▸ Records for the task
*** Begin section ***
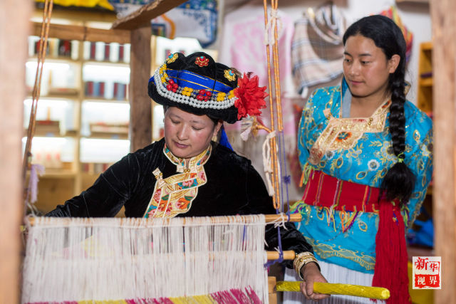 ↑摩梭姑娘边巴拉姆(右)在宁蒗永宁乡落水村的摩梭民俗博物馆里向传承人旦史拉措学习摩梭人传统的织布方式。新华社记者胡超摄
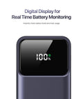 • HD Digital Display: Stay informed with a crystal-clear real-time battery monitor. No more guessing—the precise percentage display lets you know exactly when it’s time to recharge the power bank.
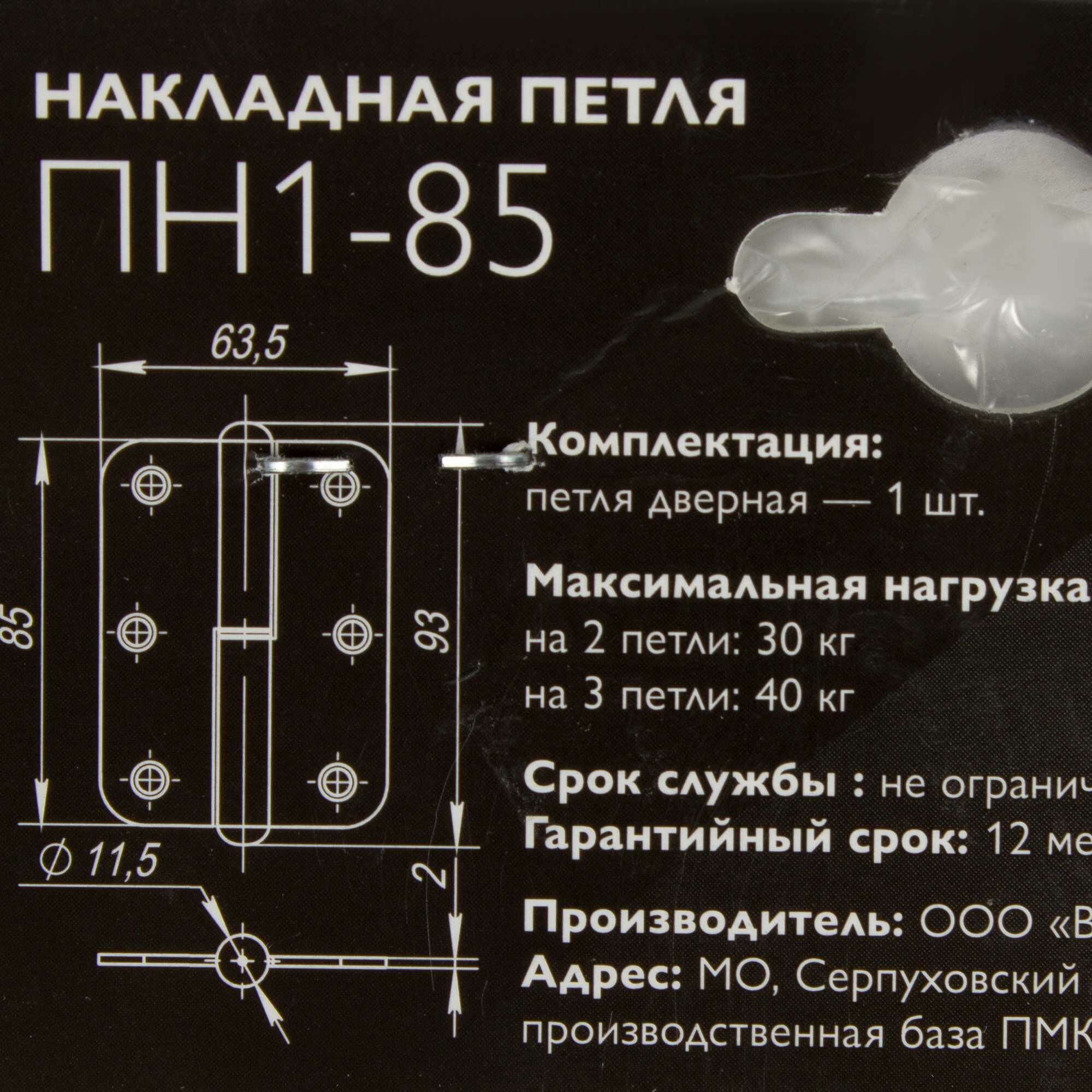 Петля съемная ПН1-85 — крепежный элемент для фиксации деревянной двери в дверной коробке. Изготовлена из нержавеющей стали. Петля прямоугольной формы с винтовым креплением снабжена шарниром невидимого типа и 6 отверстиями для монтажных винтов. Устанавливается врезным способом на дверь с левым открыванием. Длина — 85 мм. Ширина — 65 мм. Внутренний диаметр изделия — 6 мм.
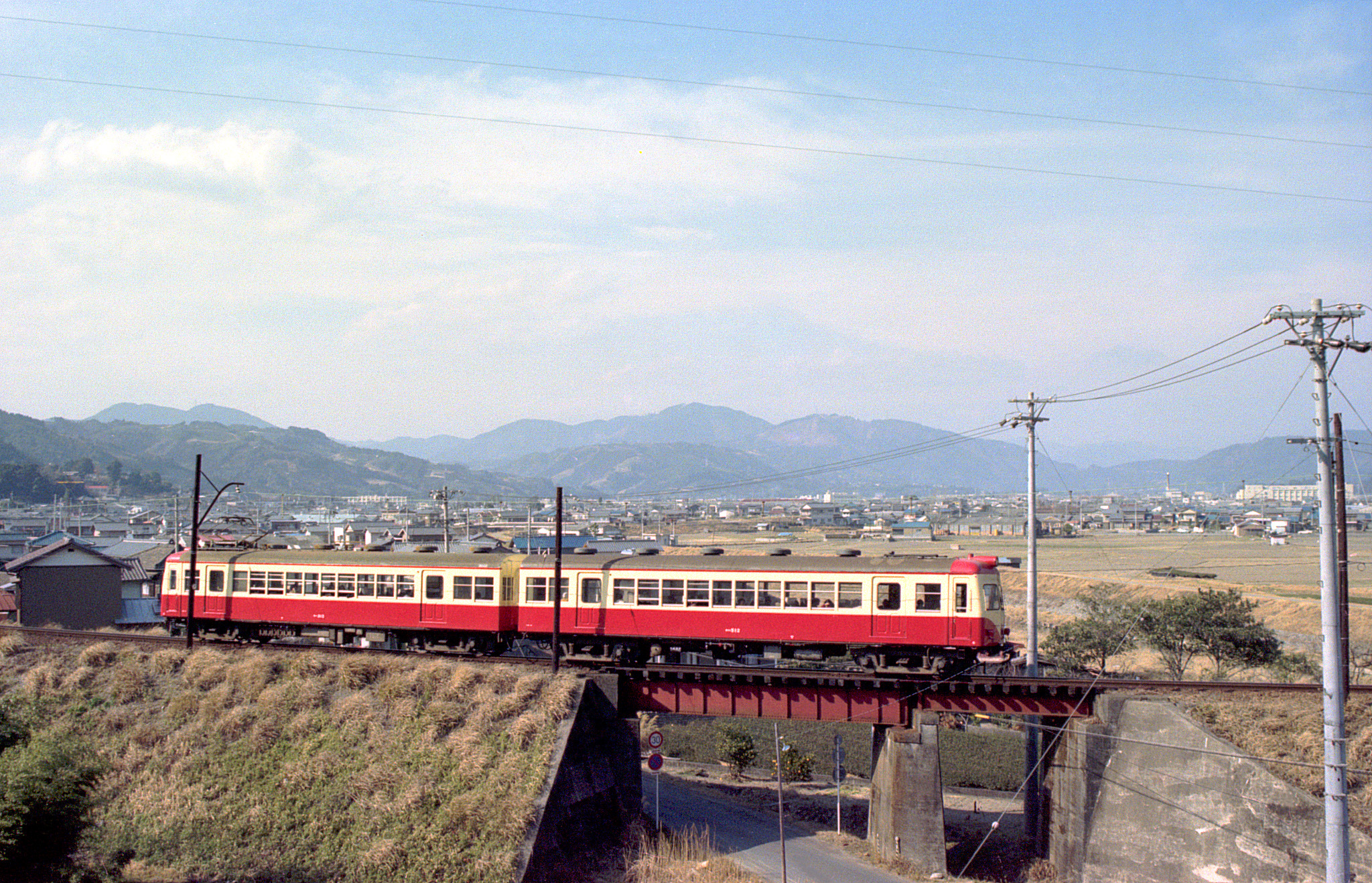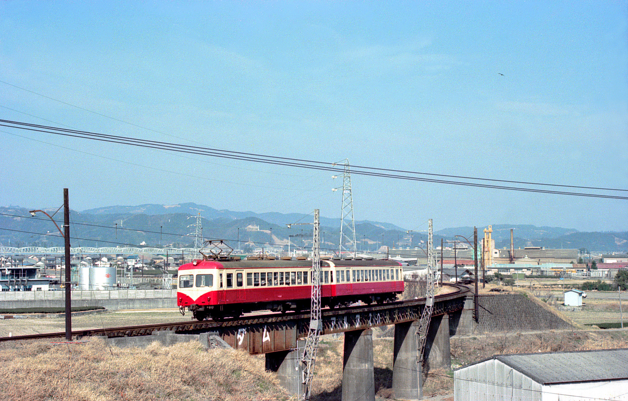 国鉄の金谷駅まで歩いて戻る途中、再び大代川の鉄橋に立ち寄りました。このあたりから撮ったようです。アルミ製の車体を銀色に輝かせながら誇らしげに駆け抜けるのは6010系(モハ6011-クハ6061)。昭和38年に北陸鉄道加南線用に作られた日本初のオールアルミカーで、「しらさぎ」号として活躍しましたが、同線の廃止に伴って昭和46年に、6000系「くたに」号(当地では「あかいし」号と改称)と共に大井川鉄道へ譲渡されました。さて、「配偶者出産休暇」の日をひたすら「鉄分補給」に利用しましたが、翌日からまた仕事と独り暮らしの再開です。そして3月下旬には我が子が名古屋から横浜に「運ばれ」て来ました。新婚・出産で何かと落ち着かなかった昭和55年度も終わります。
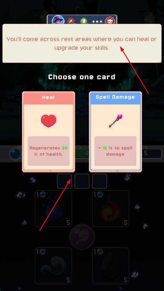 4、遇休息區(qū)選卡牌,血量吃緊選治療卡回20%生命,追求輸出選法術(shù)傷害卡增10% spell damage,強(qiáng)化后續(xù)戰(zhàn)力。
*** End section ***
▸ What to produce
Every line above should be transcribed word for word; leave the pictures out.

▸ Task response
 ↑摩梭姑娘边巴拉姆(右)在宁蒗永宁乡落水村的摩梭民俗博物馆里向传承人旦史拉措学习摩梭人传统的织布方式。新华社记者胡超摄
 • HD Digital Display: Stay informed with a crystal-clear real-time battery monitor. No more guessing—the precise percentage display lets you know exactly when it’s time to recharge the power bank.
 Петля съемная ПН1-85 — крепежный элемент для фиксации деревянной двери в дверной коробке. Изготовлена из нержавеющей стали. Петля прямоугольной формы с винтовым креплением снабжена шарниром невидимого типа и 6 отверстиями для монтажных винтов. Устанавливается врезным способом на дверь с левым открыванием. Длина — 85 мм. Ширина — 65 мм. Внутренний диаметр изделия — 6 мм.
 国鉄の金谷駅まで歩いて戻る途中、再び大代川の鉄橋に立ち寄りました。このあたりから撮ったようです。アルミ製の車体を銀色に輝かせながら誇らしげに駆け抜けるのは6010系(モハ6011-クハ6061)。昭和38年に北陸鉄道加南線用に作られた日本初のオールアルミカーで、「しらさぎ」号として活躍しましたが、同線の廃止に伴って昭和46年に、6000系「くたに」号(当地では「あかいし」号と改称)と共に大井川鉄道へ譲渡されました。さて、「配偶者出産休暇」の日をひたすら「鉄分補給」に利用しましたが、翌日からまた仕事と独り暮らしの再開です。そして3月下旬には我が子が名古屋から横浜に「運ばれ」て来ました。新婚・出産で何かと落ち着かなかった昭和55年度も終わります。
 4、遇休息區(qū)選卡牌,血量吃緊選治療卡回20%生命,追求輸出選法術(shù)傷害卡增10% spell damage,強(qiáng)化后續(xù)戰(zhàn)力。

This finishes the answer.